Дальше – больше. Воображение рисует совсем радужную картину: «…меня в Кремль без доклада пускать будут… санатории имени Павла Гулячкина выстроят…» А что в ответ? Вот тут-то и прорывается затаенное: «Вы думаете, товарищи, что если у меня гастрономический магазин отняли и вывеску сняли, то меня уничтожили этим? Нет, товарищи, я теперь новую вывеску вывешу и буду под ней торговать всем, что есть дорогого на свете. Всем торговать буду, всем!»
А вот скромный Семен Семенович больше напоминает другого представителя нашего семейства. Его монологи в конце пьесы, которую в свое время в отличие от «Мандата» так и не опубликовали и не допустили до сцены, на удивление близки идеалам Молчалина.
«Товарищи, – обращается он к изумленной толпе, собравшейся на похороны, – я не хочу умирать: ни за вас, ни за них, ни за класс, ни за человечество… Но перед лицом смерти что может быть ближе, любимей, родней своей руки, своей ноги, своего живота. Я влюблен в свой живот, товарищи. Я безумно влюблен в свой живот, товарищи».
Но это еще не все. «Разве я убежал от Октябрьской революции? – обиженно заявляет Подсекальников. – Весь Октябрь я из дому не выходил. У меня есть свидетели. Вот стою я перед вами, в массу разжалованный человек, и хочу говорить со своей революцией: что ты хочешь? Чего я не отдал тебе? Даже руку я отдал тебе, революция, правую руку свою, и она голосует теперь против меня. Что же ты мне за это дала, революция? Ничего. А другим? Посмотрите в соседние улицы – вон она им какое приданое принесла. Почему же меня обделили, товарищи?… А прошу я немногого. Все строительство ваше, все достижения, мировые пожары, завоевания – все оставьте себе. Мне же дайте, товарищи, только тихую жизнь и приличное жалование».
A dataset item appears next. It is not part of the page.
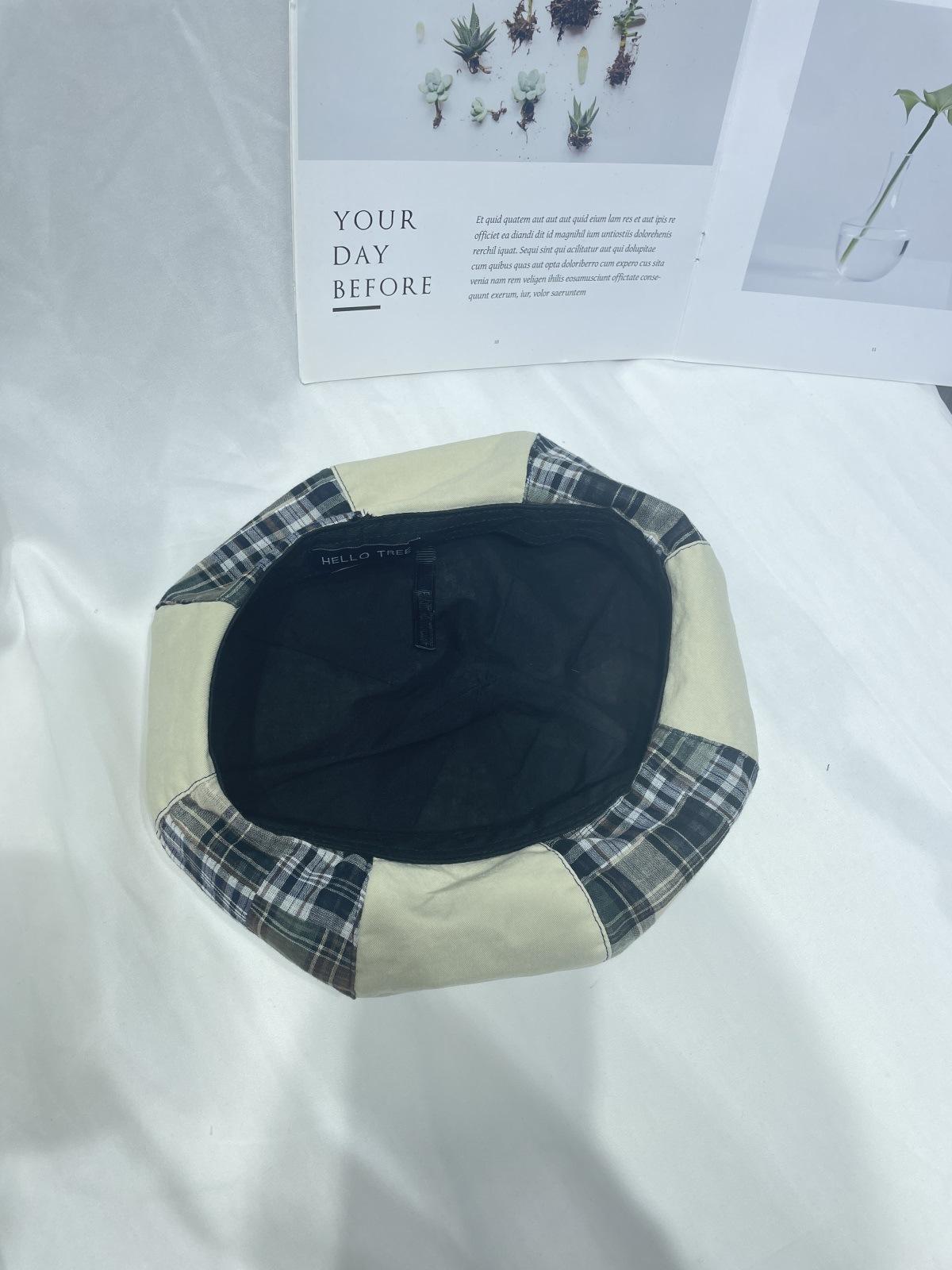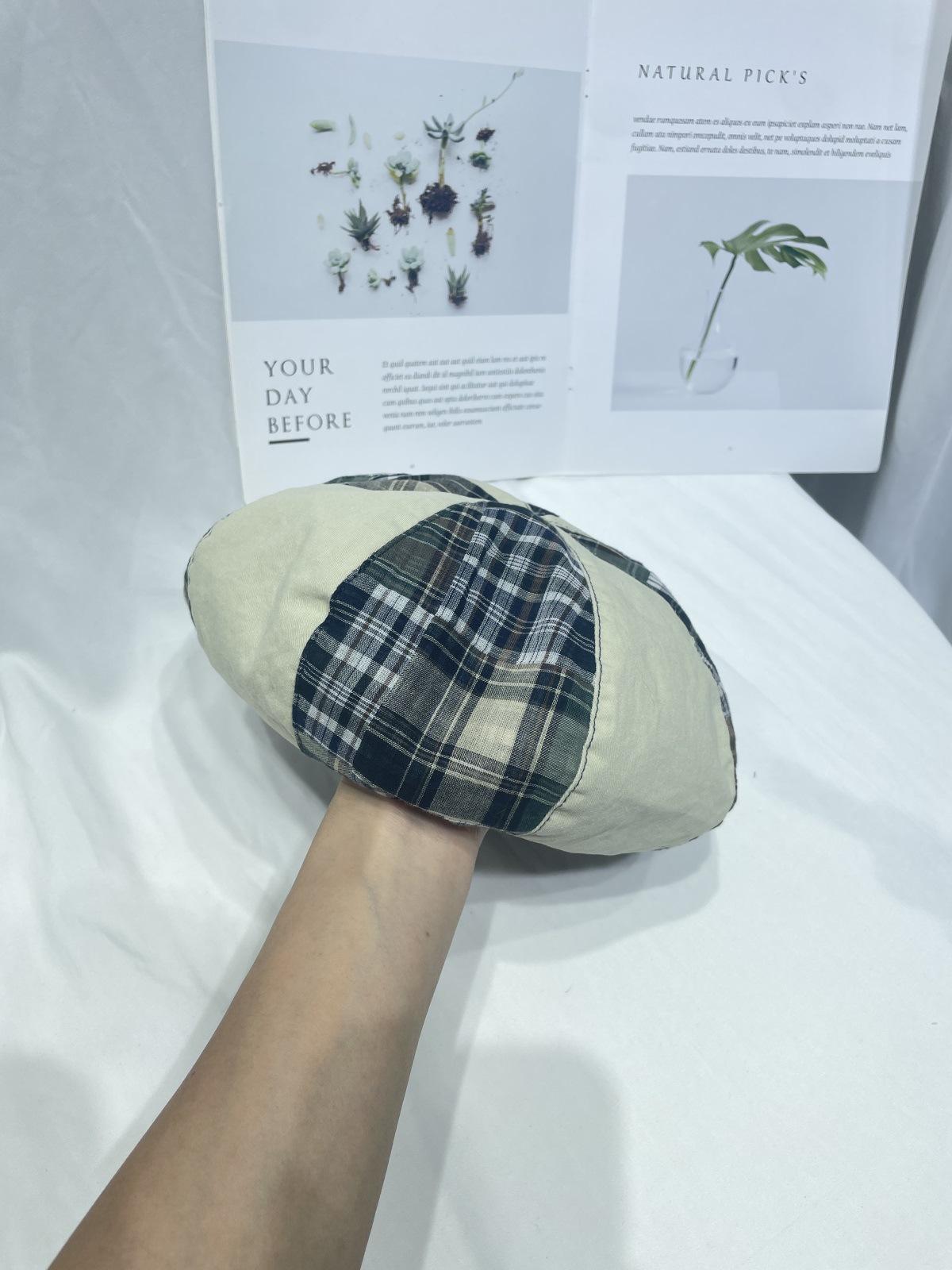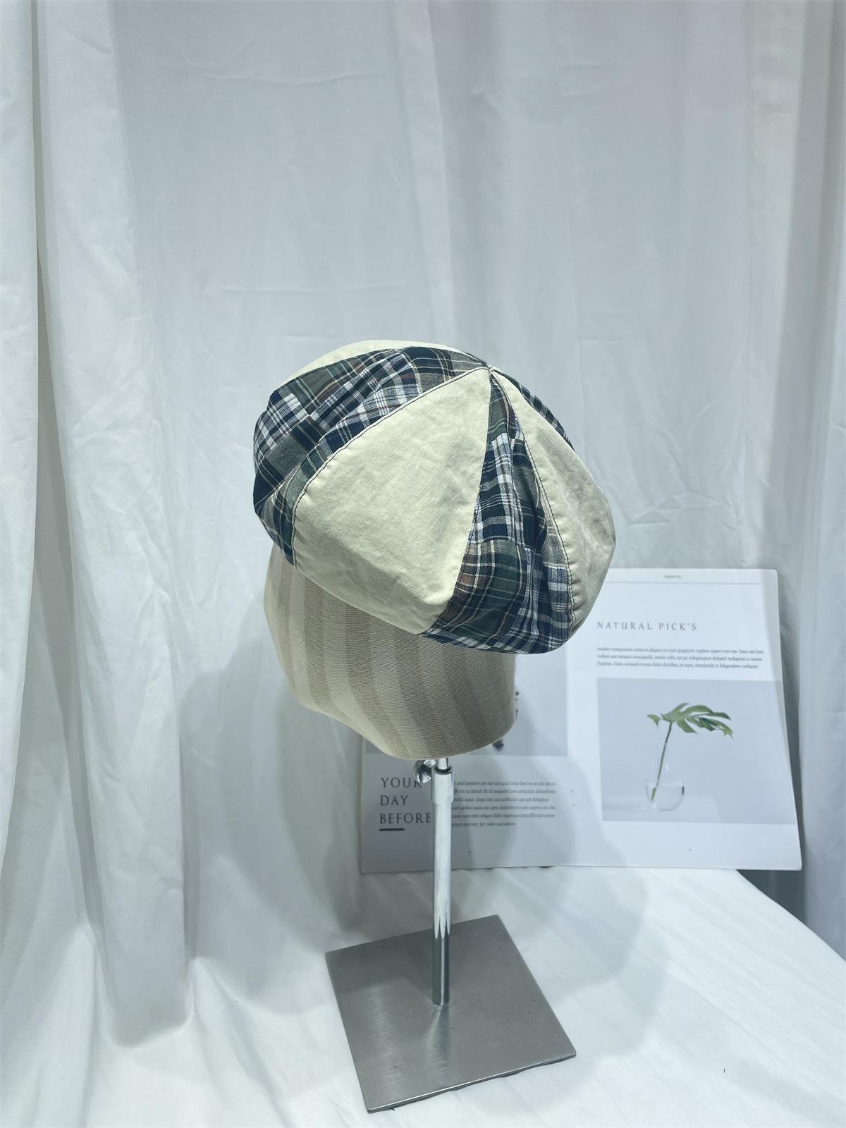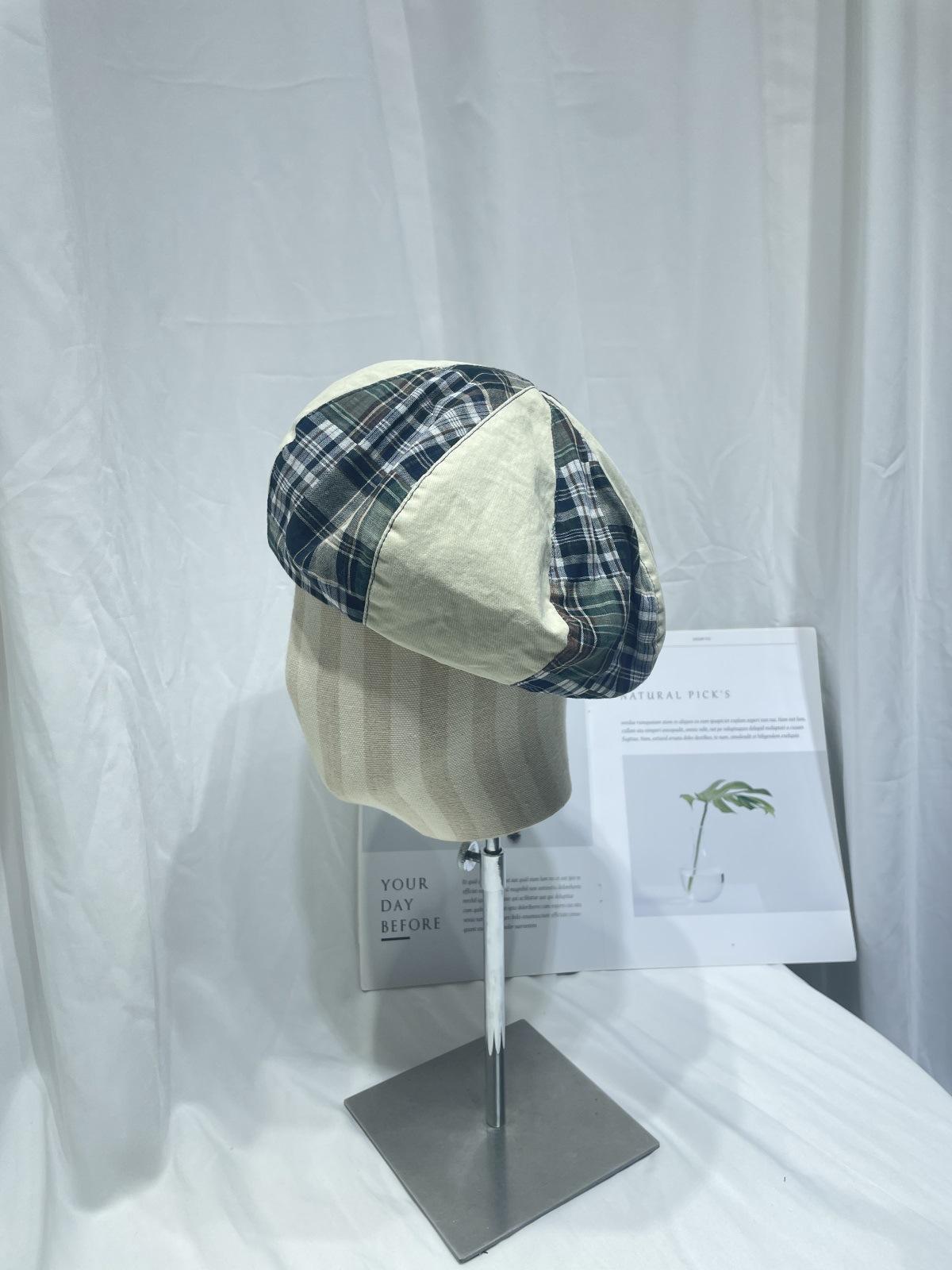 Boina sencilla de patchwork a cuadros estilo japonés para niños, moda de primavera y verano, retro, que muestra el rostro, de pequeño pintor, sombrero de calabaza, sombrero de brote

Ну, а теперь – совсем по-молчалински: «Разве мы делаем что-нибудь против революции? С первого дня революции мы ничего не делаем. Мы только ходим друг к другу в гости и говорим, что нам трудно жить. Потому что нам легче жить, если мы говорим, что нам трудно жить. Ради бога, не отнимайте у нас последнего средства к существованию, разрешите нам говорить, что нам трудно жить. Ну хотя бы вот так, шепотом: „Нам трудно жить“. Товарищи, я прошу вас от имени миллиона людей: дайте нам право на шепот. Вы за стройкою даже его не услышите. Уверяю вас. Мы всю жизнь свою шепотом проживем». Будем «годить»! – как у Салтыкова-Щедрина.
Мы еще вернемся к такому шепоту и молчанию. Не простые это жалобы маленького человека, который готов жить скромно и порядочно. Эрдман прекрасно понимал-предчувствовал и предвидел, чем обернутся они для большинства людей в недалеком будущем.
Феерическая комедия «Клоп» (1928–1930) с Пьером Скрипкиным (он же Присыпкин: бывший рабочий, бывший партиец, ныне жених) – об этом. И драма «Баня» (1929–1930) с товарищем Победоносиковым (главным начальником по управлению согласованием!) – о том же: «Он шипит бумажным удавом каждый раз, когда возвращается домой, беременный резолюциями». Здесь, правда, все серьезнее и острее.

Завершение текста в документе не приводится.